■ Exercise prompt:
Below are entries. Give back exactly the lines from the one containing "Dymitr Szostakowicz: Concerto" through the one containing "1.Gmailの添付ファイル", inclusive, without the pictures.

■ Recorded data:
......

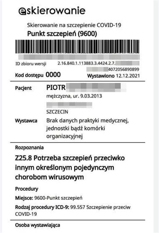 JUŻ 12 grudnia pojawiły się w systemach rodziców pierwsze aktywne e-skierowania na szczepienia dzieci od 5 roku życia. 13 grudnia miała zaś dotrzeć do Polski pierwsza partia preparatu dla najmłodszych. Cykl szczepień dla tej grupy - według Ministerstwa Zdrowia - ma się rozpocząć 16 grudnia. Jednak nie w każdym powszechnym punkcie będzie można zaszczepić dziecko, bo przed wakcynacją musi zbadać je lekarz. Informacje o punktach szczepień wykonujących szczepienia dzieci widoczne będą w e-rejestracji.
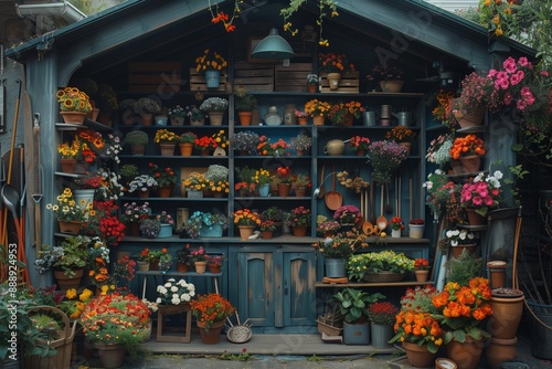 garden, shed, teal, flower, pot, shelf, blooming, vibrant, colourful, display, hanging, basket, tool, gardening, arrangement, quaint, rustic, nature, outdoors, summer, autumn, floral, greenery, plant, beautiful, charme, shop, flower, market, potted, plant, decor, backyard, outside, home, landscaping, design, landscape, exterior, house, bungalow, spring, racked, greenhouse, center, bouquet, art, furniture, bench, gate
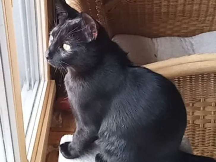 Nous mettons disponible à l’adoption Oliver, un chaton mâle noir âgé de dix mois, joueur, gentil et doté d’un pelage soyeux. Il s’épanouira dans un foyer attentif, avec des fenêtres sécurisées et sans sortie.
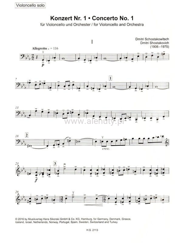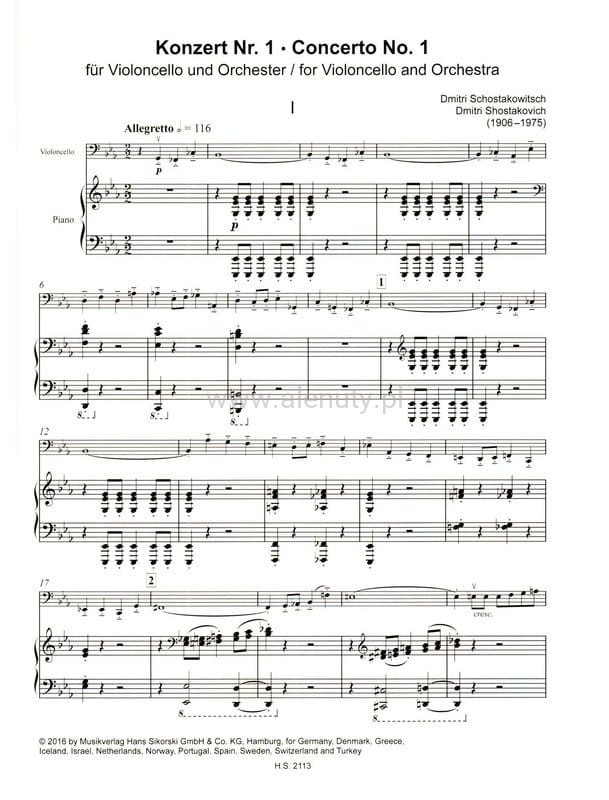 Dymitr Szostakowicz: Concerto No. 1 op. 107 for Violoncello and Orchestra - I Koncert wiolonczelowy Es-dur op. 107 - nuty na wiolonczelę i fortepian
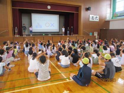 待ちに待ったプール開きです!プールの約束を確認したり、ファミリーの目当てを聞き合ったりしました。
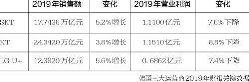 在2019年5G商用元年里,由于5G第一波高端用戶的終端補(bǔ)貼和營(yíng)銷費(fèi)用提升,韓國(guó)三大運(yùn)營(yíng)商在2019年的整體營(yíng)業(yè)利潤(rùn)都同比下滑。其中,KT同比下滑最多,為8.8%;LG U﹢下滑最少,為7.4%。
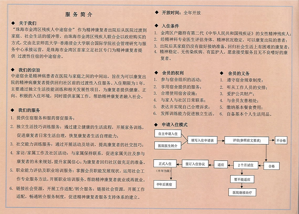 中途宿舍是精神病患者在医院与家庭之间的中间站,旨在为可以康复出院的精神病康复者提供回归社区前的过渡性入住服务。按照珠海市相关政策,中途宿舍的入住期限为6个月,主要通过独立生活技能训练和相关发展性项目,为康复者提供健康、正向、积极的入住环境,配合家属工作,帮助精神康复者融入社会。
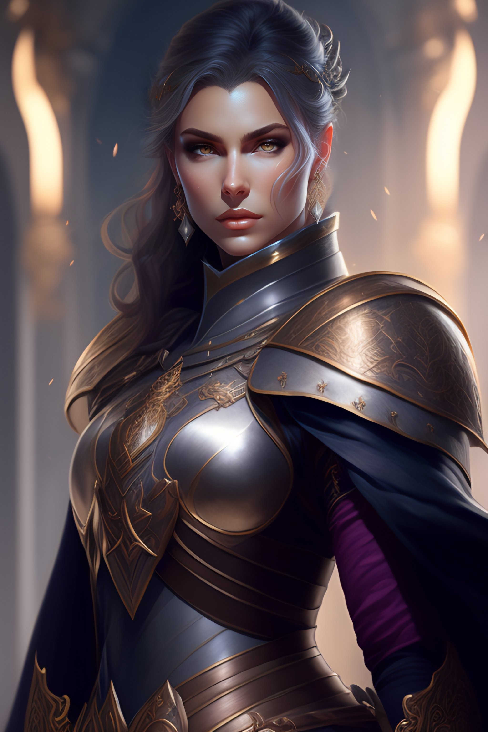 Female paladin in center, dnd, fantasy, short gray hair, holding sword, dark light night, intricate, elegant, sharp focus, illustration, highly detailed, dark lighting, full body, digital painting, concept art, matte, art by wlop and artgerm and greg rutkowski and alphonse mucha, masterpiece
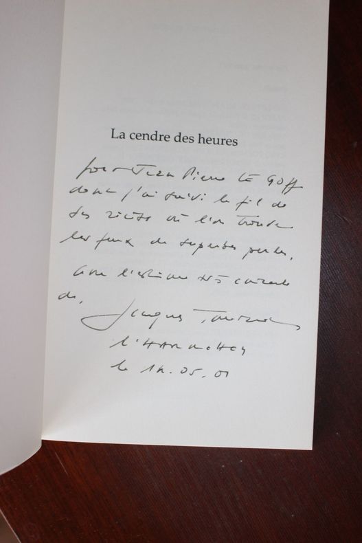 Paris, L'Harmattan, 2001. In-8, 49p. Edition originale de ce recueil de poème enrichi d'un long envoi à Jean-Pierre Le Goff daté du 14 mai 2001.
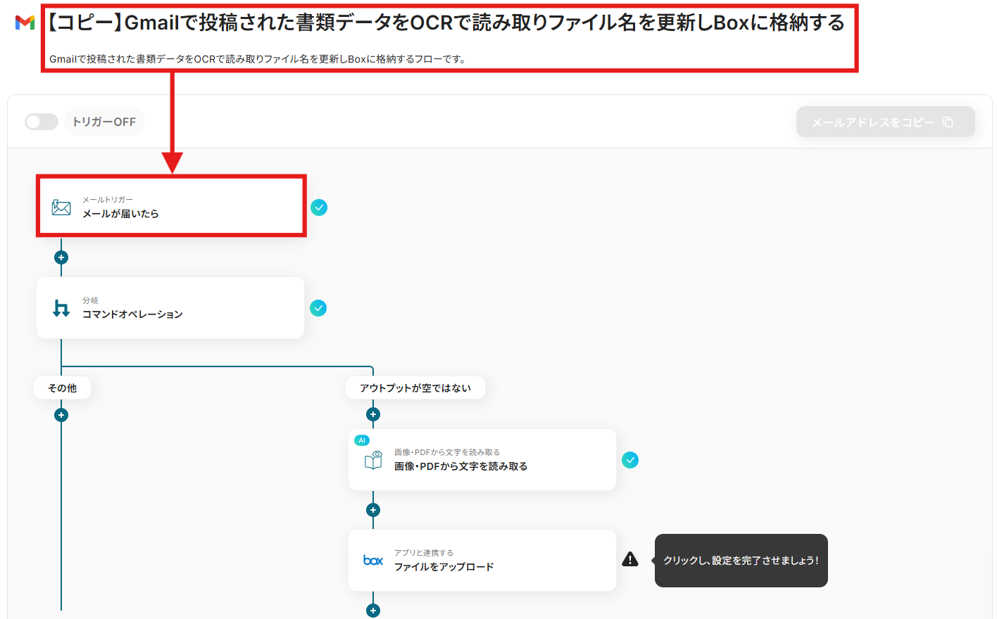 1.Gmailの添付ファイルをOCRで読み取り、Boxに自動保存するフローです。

......

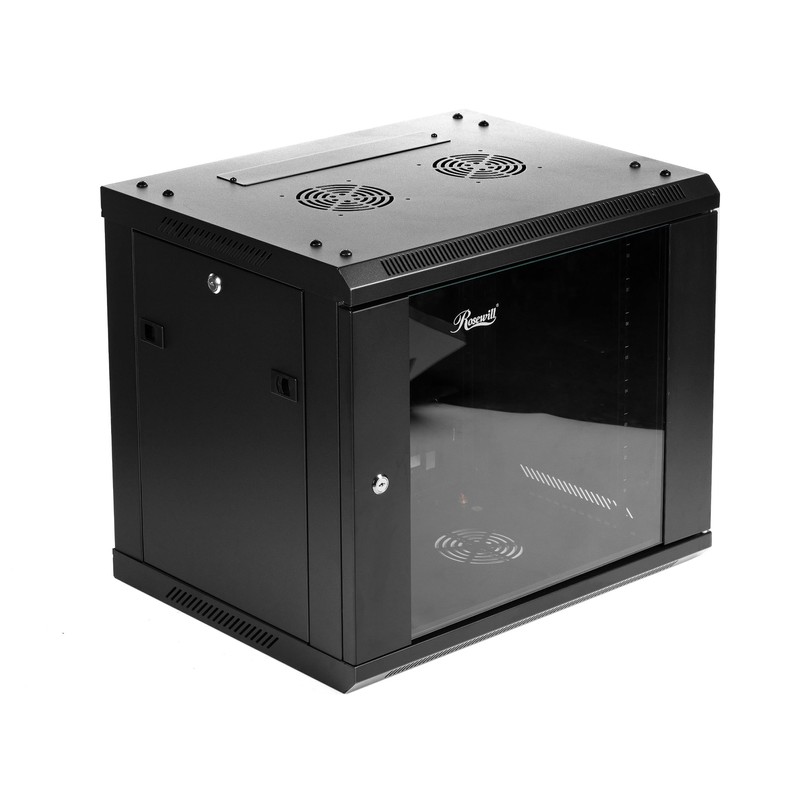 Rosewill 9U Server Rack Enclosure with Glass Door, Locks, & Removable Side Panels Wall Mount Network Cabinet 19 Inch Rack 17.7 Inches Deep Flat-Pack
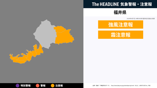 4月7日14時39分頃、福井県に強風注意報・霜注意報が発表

......

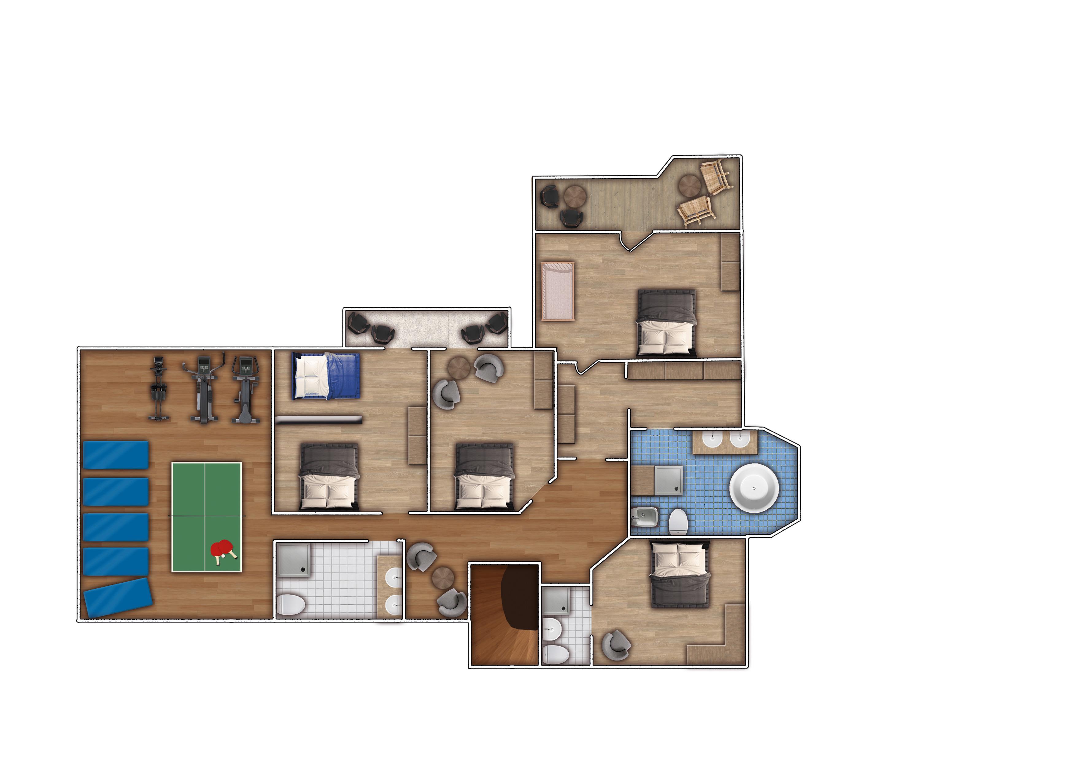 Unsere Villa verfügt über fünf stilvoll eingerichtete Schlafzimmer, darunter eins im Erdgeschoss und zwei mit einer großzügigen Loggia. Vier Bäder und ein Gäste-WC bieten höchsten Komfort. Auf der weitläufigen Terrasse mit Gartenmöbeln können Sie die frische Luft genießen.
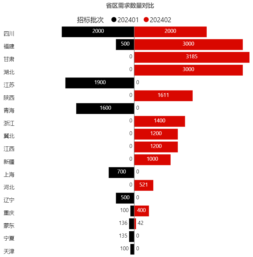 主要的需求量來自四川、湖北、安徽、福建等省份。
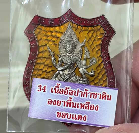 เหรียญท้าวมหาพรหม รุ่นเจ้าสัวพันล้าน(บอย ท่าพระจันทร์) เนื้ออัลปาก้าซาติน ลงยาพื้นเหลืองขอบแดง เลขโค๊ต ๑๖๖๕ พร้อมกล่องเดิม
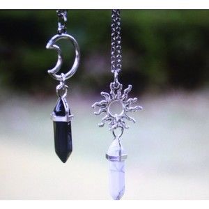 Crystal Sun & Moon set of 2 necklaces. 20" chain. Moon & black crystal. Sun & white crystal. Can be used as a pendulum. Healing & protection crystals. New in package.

......

■ Output below:
 Dymitr Szostakowicz: Concerto No. 1 op. 107 for Violoncello and Orchestra - I Koncert wiolonczelowy Es-dur op. 107 - nuty na wiolonczelę i fortepian
 待ちに待ったプール開きです!プールの約束を確認したり、ファミリーの目当てを聞き合ったりしました。
 在2019年5G商用元年里,由于5G第一波高端用戶的終端補(bǔ)貼和營(yíng)銷費(fèi)用提升,韓國(guó)三大運(yùn)營(yíng)商在2019年的整體營(yíng)業(yè)利潤(rùn)都同比下滑。其中,KT同比下滑最多,為8.8%;LG U﹢下滑最少,為7.4%。
 中途宿舍是精神病患者在医院与家庭之间的中间站,旨在为可以康复出院的精神病康复者提供回归社区前的过渡性入住服务。按照珠海市相关政策,中途宿舍的入住期限为6个月,主要通过独立生活技能训练和相关发展性项目,为康复者提供健康、正向、积极的入住环境,配合家属工作,帮助精神康复者融入社会。
 Female paladin in center, dnd, fantasy, short gray hair, holding sword, dark light night, intricate, elegant, sharp focus, illustration, highly detailed, dark lighting, full body, digital painting, concept art, matte, art by wlop and artgerm and greg rutkowski and alphonse mucha, masterpiece
 Paris, L'Harmattan, 2001. In-8, 49p. Edition originale de ce recueil de poème enrichi d'un long envoi à Jean-Pierre Le Goff daté du 14 mai 2001.
 1.Gmailの添付ファイルをOCRで読み取り、Boxに自動保存するフローです。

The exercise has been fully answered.